Ecuador’s Energy Efficiency Law mandates that “as of 2030, all vehicles incorporated into urban public transport services must be electric”. This legal framework sets the stage for the country’s transition to electric mobility. This research examines the energy requirements for transitioning Ambato’s public bus fleet to electric vehicles, considering various technical and operational factors. The analysis evaluates the current fleet size, the expected lifespan of buses, daily operational hours, average speed, and the specific characteristics of the city’s public transport routes. Furthermore, this study delves into the technical aspects of energy consumption in electric public transport by calculating the driving force necessary to operate buses across different terrains and routes. Factors such as bus weight, passenger load, road gradient, and acceleration patterns are analyzed to assess their impact on energy consumption and vehicle range. Additionally, this study investigates the potential for regenerative braking and the necessary charging infrastructure, offering a comprehensive assessment of how these systems would function within Ambato. By forecasting future vehicle requirements and projecting growth in urban mobility, this study estimates the total energy demand for a fully electric public bus fleet. The potential for integrating renewable energy sources into the city’s grid is also explored, ensuring that the transition to electric mobility not only decreases reliance on fossil fuels but also supports cleaner energy sources. This research serves as a crucial step in understanding the infrastructure and policy changes required for the successful implementation of electric public transport in Ambato and similar Ecuadorian cities.

1. Introduction

Ecuador has emerged as a leading nation in Latin America in promoting sustainable transport, proactively advancing policies to accelerate the adoption of electric vehicles to support the decarbonization of its economy. A cornerstone of these efforts is the enactment of the Energy Competitiveness Law, which mandates that by 2030, all newly integrated vehicles in the urban public transportation system must be electric [1]. The National Transit Agency, in collaboration with transportation associations, has established a service lifespan of 22 years for public buses [2]. While the shift to electric vehicles presents substantial challenges, particularly in terms of investment and technological innovation, it also generates increased electricity demand for the transitioning fleet, as the Energy Efficiency Law will be fully applicable to public transport by 2030.

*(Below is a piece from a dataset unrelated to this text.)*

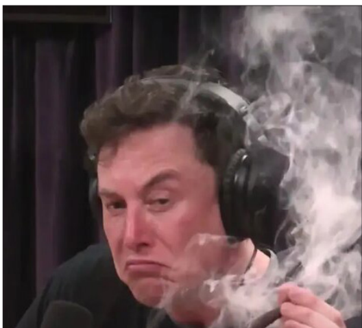
گزارش جدید فاش کرد

Ecuador generates approximately 36,683 GWh of electricity annually, with 74.4% sourced from renewable energy, predominantly hydropower [3]. This study offers a focused analysis of the energy requirements and infrastructure necessary to transition public transport to electric power in Ambato, a mid-sized city characterized by significant topographical and mobility challenges.

Existing research on electric vehicle integration has largely concentrated on larger metropolitan areas or regions with relatively flat terrain, leaving a gap in understanding the specific challenges faced by mid-sized cities such as Ambato. These cities, which are often characterized by more complex topographies and diverse energy demands, require specialized research [4]. Ambato, a key industrial hub in the Ecuadorian highlands, serves as a focal point for this analysis, offering insights into the complexities of electric public transport implementation in regions with varied terrain [5]. This study also seeks to address the lack of detailed projections regarding the impact of vehicle fleet transitions on local energy systems and infrastructure, particularly in Ecuador’s Highlands [6].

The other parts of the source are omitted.